Sebastião é acusado de transportar sete fuzis que tinham como destino o Morro do Martins
Foto: Divulgação

Acusado de fazer o transporte de fuzis que vinham da Bolívia para o Morro do Martins, em Neves, São Gonçalo, Sebastião Braz Da Fonseca Neto, de 49 anos, foi preso por policiais da Delegacia Especializada em Armas, Munições e Explosivos (Desarme), na noite da última sexta-feira, em Pedra de Guaratiba, Zona Oeste do Rio.

Traficante internacional de armas, Sebastião se apresentava como pastor de uma igreja evangélica. Contra ele, havia um mandado de prisão expedido pela Justiça Federal, cuja pena de condenação era de sete anos e seis meses de reclusão.

Sebastião foi preso pela primeira vez por agentes da Polícia Rodoviária Federal (PRF), em 2010, quando tentava transportar sete fuzis “Bushmaster”, modelo M-15, calibre 5,56. O armamento, fabricado nos Estados Unidos, havia sido adquirido na Bolívia e fortaleceria o arsenal de traficantes da comunidade de São Gonçalo.

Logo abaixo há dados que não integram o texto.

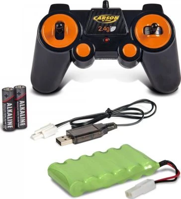 Die Legende lebt! Mit dem CARSON Jeep Wrangler im Maßstab 1:12 meisterst du so gut wie jedes Gelände. Dafür sorgen eine gesperrte Starrachse, die schlagfeste und robuste Karosserie sowie ein kräftiger Elektromotor, der den Jeep antreibt. Die griffig profilierten Gummireifen geben dem RC-Offroader die nötige Bodenhaftung. Der massive Frontrammer rundet den bulligen Auftritt ab, Front- und Heckleuchten ermöglichen ein Fahren bei Dunkelheit. Der ferngesteuerte CARSON Jeep Wrangler wird mit einem störungsfreien 2,4 GHz Fernsteuersystem, Senderbatterien, Modellakku und Ladegerät ausgeliefert und ist direkt nach dem Laden startklar. Kaufen – laden – fahren!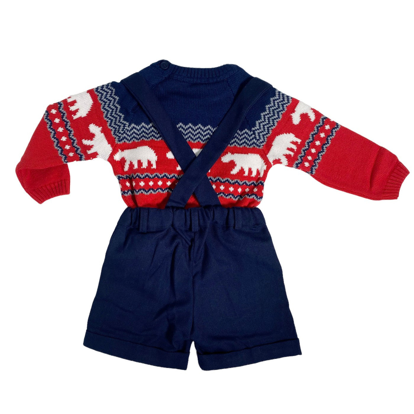 - bermuda con bretelle in caldo cotone, in tinta unita blu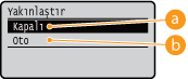Resimlerin büyütülmesini/küçültülmesini etkinleştirir veya devre dışı bırakır. Çıktılar, orijinalinin en boy oranı korunarak büyütülür veya küçültülür. Ayarı seçmek için,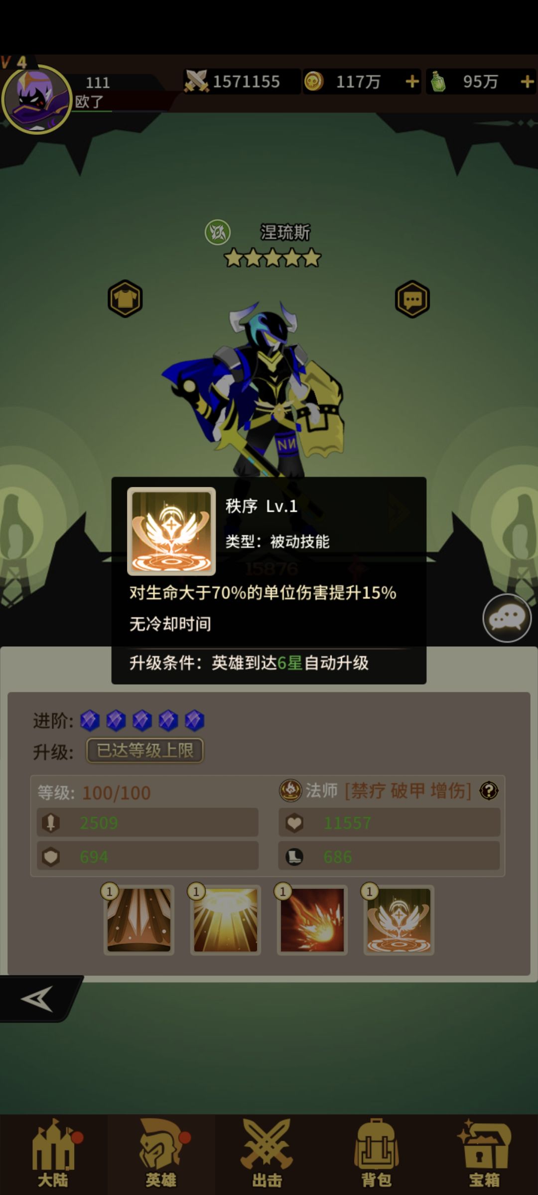风系法师涅琉斯!获取难度一般!四技能!抽卡就出!一技能打单体+概率禁疗二技能+攻击+生命三技能打随机三个速度比自己低增伤30%四技能对生命高于70%增伤!过渡法师狗粮一枚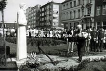 Foto 18 x 13. Ex invent 35/96d. Inhuldiging van het gedenkteken Paster Pype. Standbeeld in witte natuursteen op vierkante sokkel met aan de voet van het beeld een scheepsanker. Het staat in de plantsoenen van de Sint Petrus- en Pauluskerk, kant Jozef II-straat.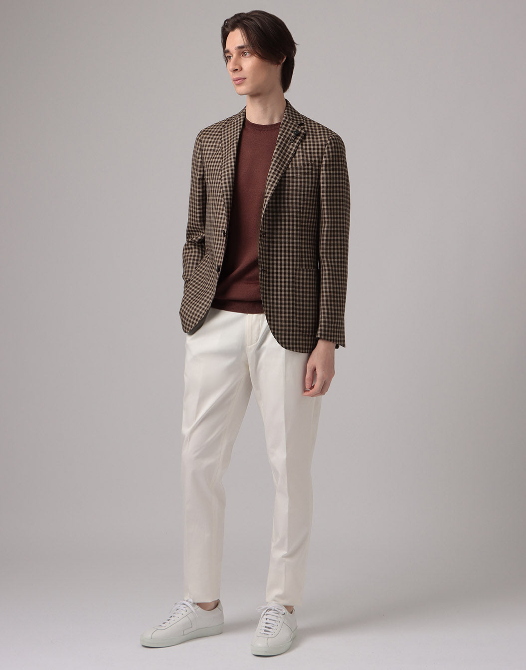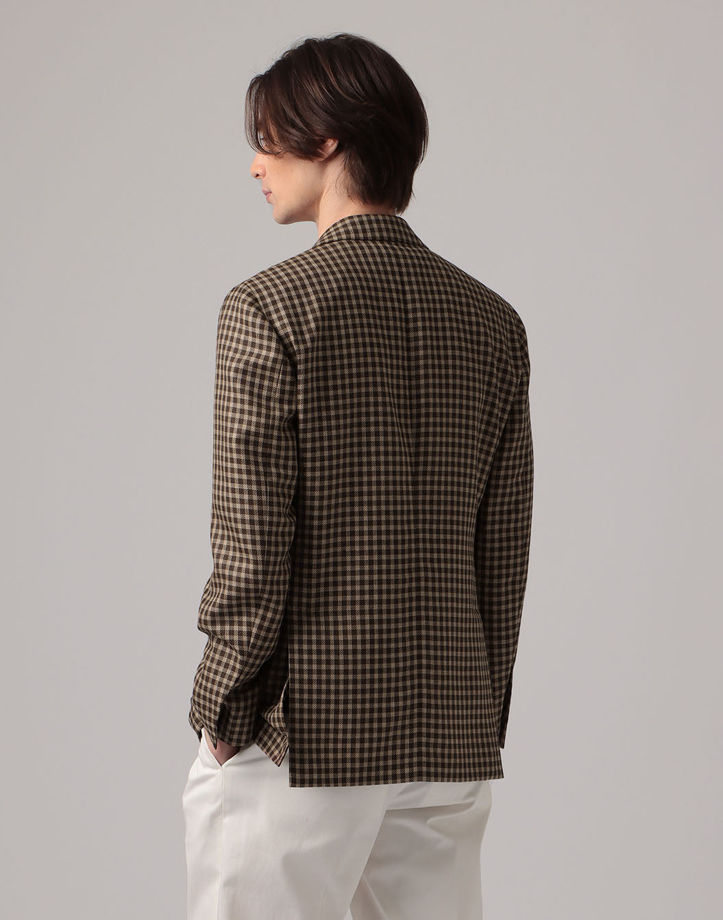 シックな色使いと上品なダミエ柄が目を引くジャケット。シルクを混紡しており滑らかさと控えめな光沢感が加わっています。秋冬のイメージがあるブラウンも、ホワイトパンツなど軽めのアイテムで合わせれば洒落た春夏のコーディネートに仕上がります。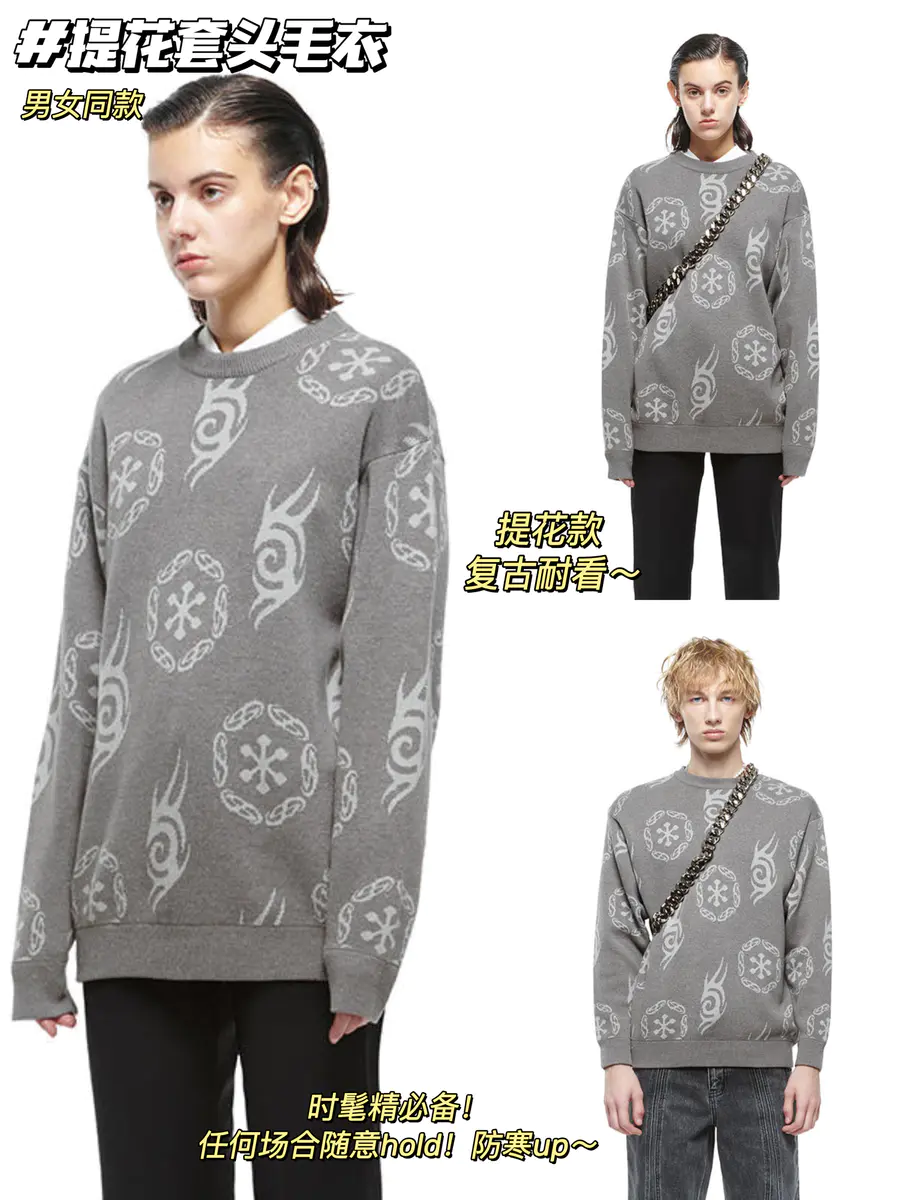 @提花套头毛衣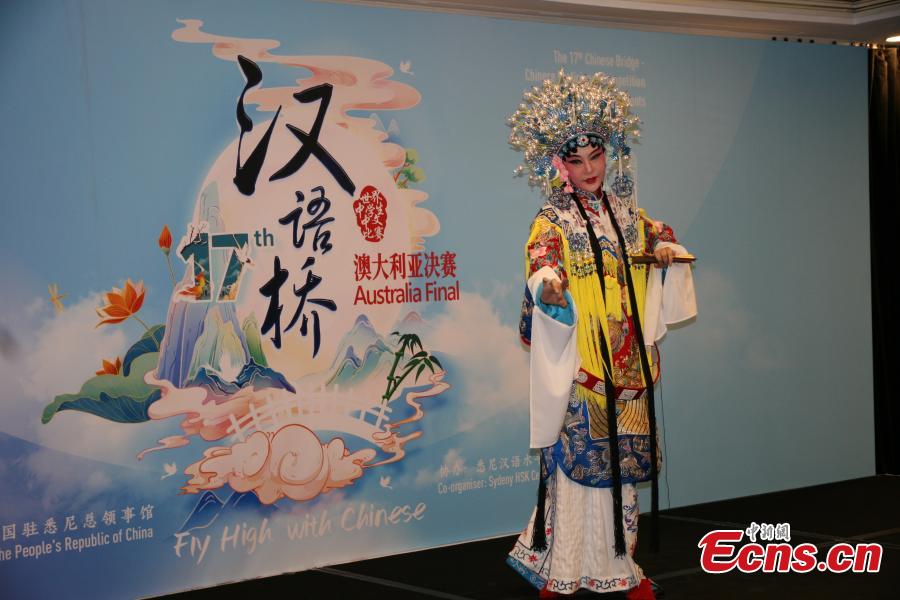 A contestant performs Peking Opera during the final round of the 17th "Chinese Bridge" Chinese Proficiency Competition for foreign high schools in Sydney, Australia, May 26, 2024. (Photo: China News Service/Gu Shihong)

Na época, Sebastião foi flagrado pela PRF na BR-262, entre Miranda e Corumbá, no Mato Grosso do Sul, em companhia de Francisco Ferreira Moura, 43 anos, que também se apresentava como pastor evangélico. Na abordagem, os dois disseram aos policiais que tinham ido até Corumbá, que faz fronteira com a Bolívia, para fazer pregação aos fiéis da congregação “A mão de Deus está aqui”, de Três Lagoas, no bairro Vila Nova. Entretanto, a dupla estava visivelmente nervosa e acabou apresentando contradições em seus depoimentos. Após realizarem uma minuciosa revista no automóvel, os agentes encontraram as sete armas escondidas em um compartimento de fundo falso nas portas dianteira e traseira e no assento traseiro do veículo. Segundo os agentes, eles receberiam R$ 20 mil pelo transporte do armamento.


No início do mês, policiais civis apreenderam 60 fuzis no terminal de cargas do Aeroporto Internacional do Rio de Janeiro (Galeão). Quatro pessoas foram presas durante a ação, entre elas o empresário João Vítor Silva Rosa e seu comparsa, José Carlos dos Santos Lins. Os dois seriam os responsáveis pela distribuição das armas em comunidade de São Gonçalo.